(INFORMATION)

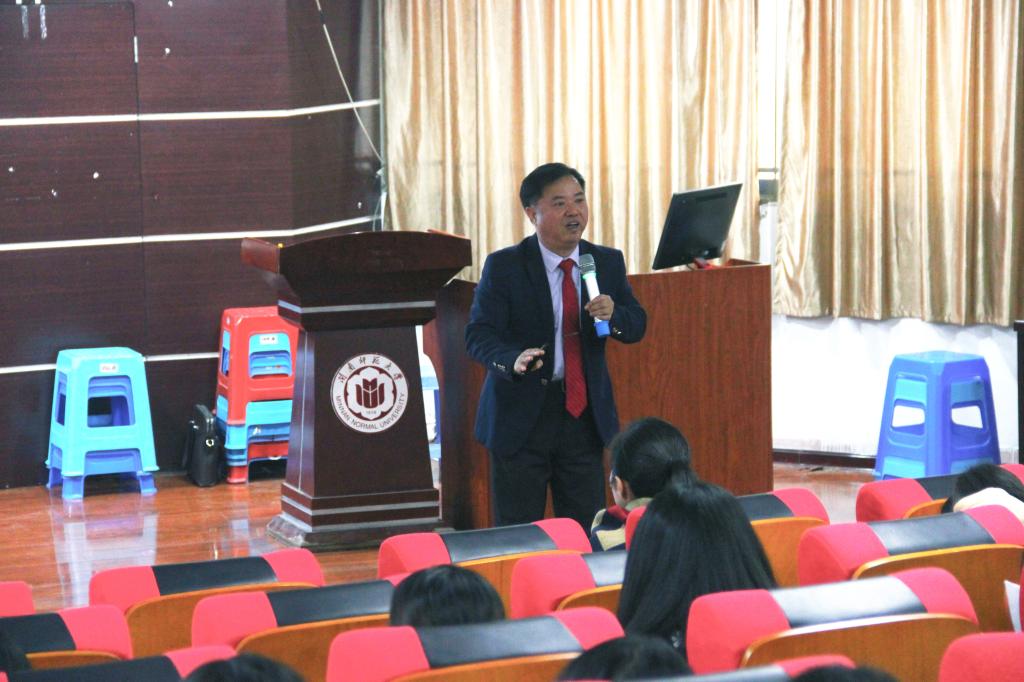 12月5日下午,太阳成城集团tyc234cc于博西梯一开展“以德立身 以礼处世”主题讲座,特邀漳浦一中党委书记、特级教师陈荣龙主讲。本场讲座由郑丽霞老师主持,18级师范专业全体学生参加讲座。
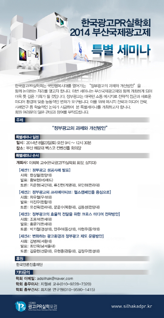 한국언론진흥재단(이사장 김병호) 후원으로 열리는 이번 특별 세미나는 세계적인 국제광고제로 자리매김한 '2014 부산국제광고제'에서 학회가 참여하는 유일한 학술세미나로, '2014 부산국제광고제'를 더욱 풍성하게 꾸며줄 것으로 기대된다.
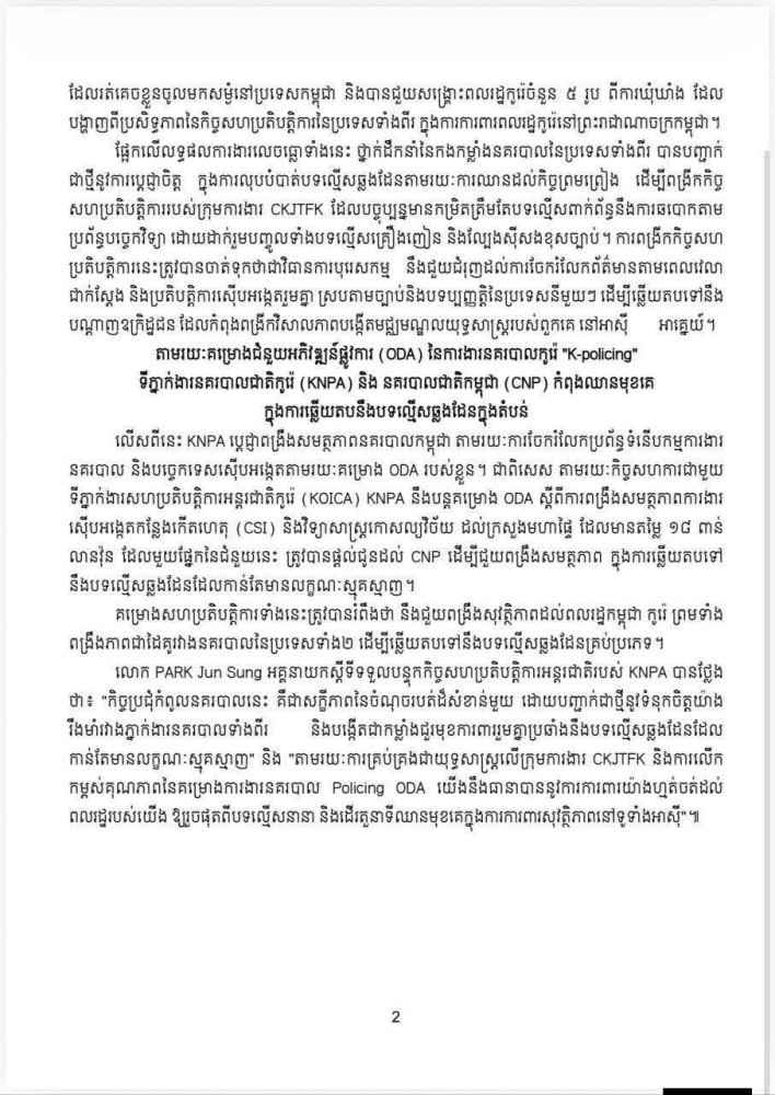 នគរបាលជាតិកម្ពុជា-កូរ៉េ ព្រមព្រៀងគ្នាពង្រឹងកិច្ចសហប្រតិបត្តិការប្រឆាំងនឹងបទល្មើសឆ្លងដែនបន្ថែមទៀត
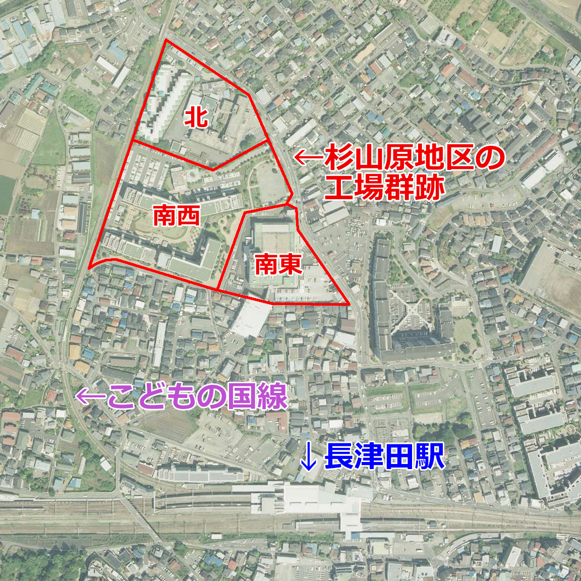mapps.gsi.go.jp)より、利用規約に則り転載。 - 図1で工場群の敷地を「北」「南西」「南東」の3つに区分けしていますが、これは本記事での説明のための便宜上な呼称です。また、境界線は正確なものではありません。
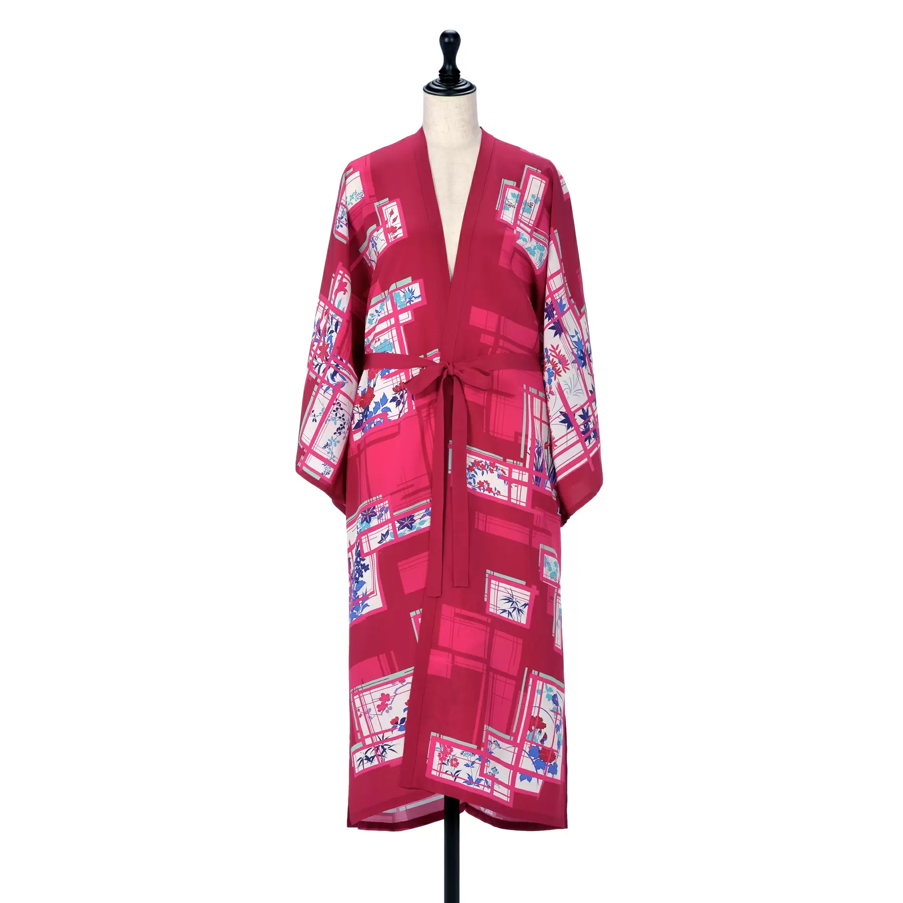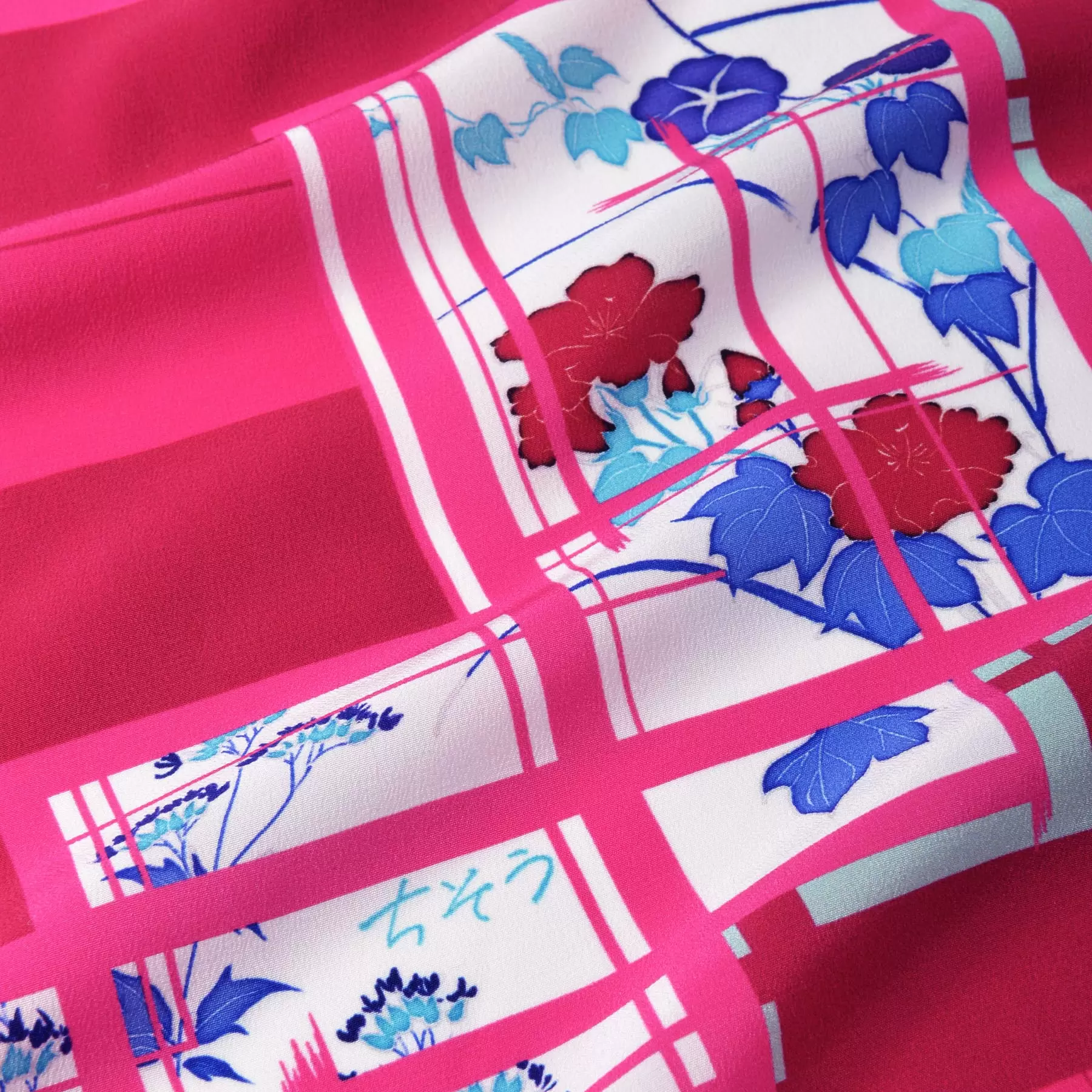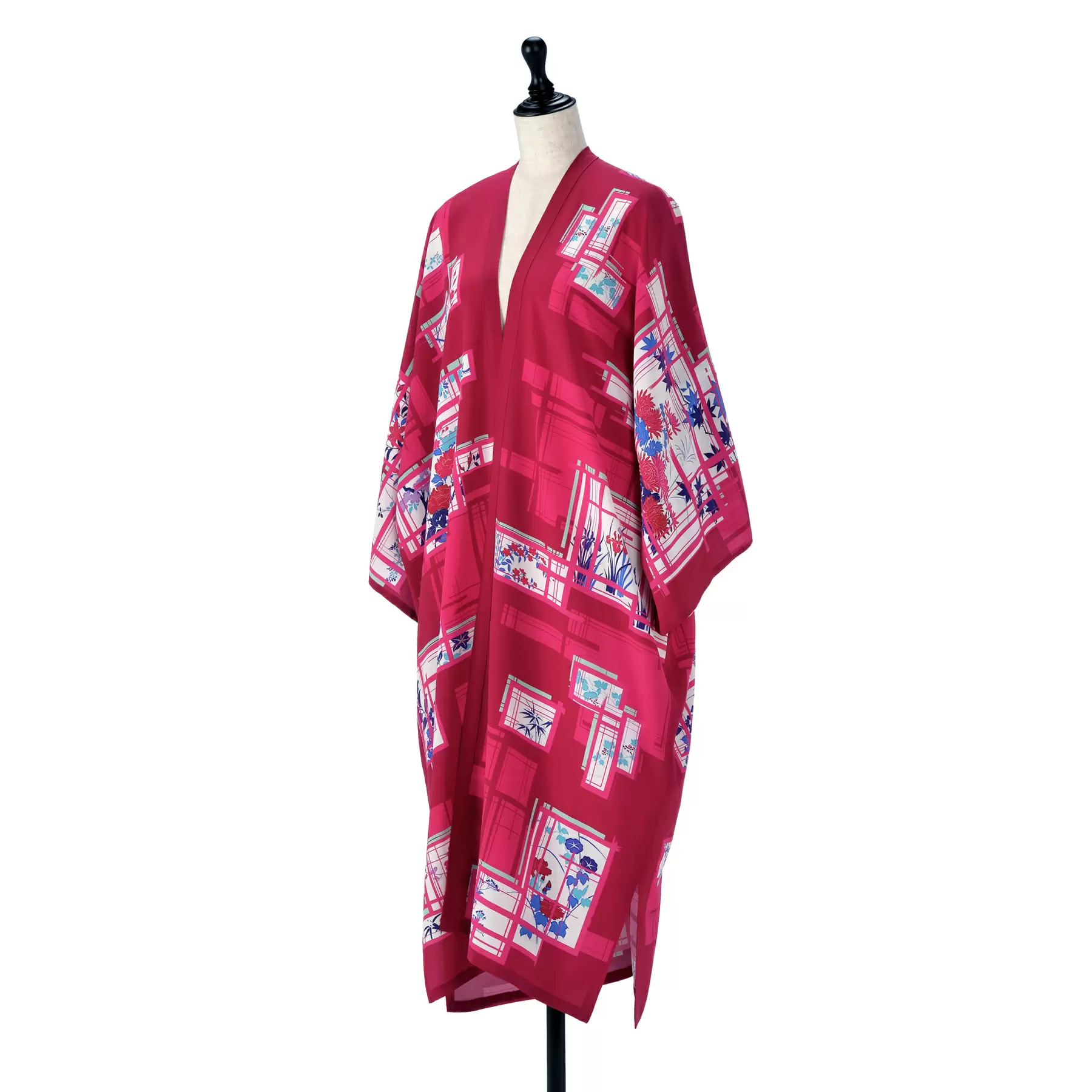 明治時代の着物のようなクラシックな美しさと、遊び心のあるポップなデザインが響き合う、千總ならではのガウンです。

(TASK OBJECTIVE)
Give again, exactly as written above, every line from the one holding "한국언론진흥재단(이사장 김병호) 후원으로" to the one holding "នគរបាលជាតិកម្ព", with both ends kept and the pictures left out.

(WRITTEN REPLY)
 한국언론진흥재단(이사장 김병호) 후원으로 열리는 이번 특별 세미나는 세계적인 국제광고제로 자리매김한 '2014 부산국제광고제'에서 학회가 참여하는 유일한 학술세미나로, '2014 부산국제광고제'를 더욱 풍성하게 꾸며줄 것으로 기대된다.
 នគរបាលជាតិកម្ពុជា-កូរ៉េ ព្រមព្រៀងគ្នាពង្រឹងកិច្ចសហប្រតិបត្តិការប្រឆាំងនឹងបទល្មើសឆ្លងដែនបន្ថែមទៀត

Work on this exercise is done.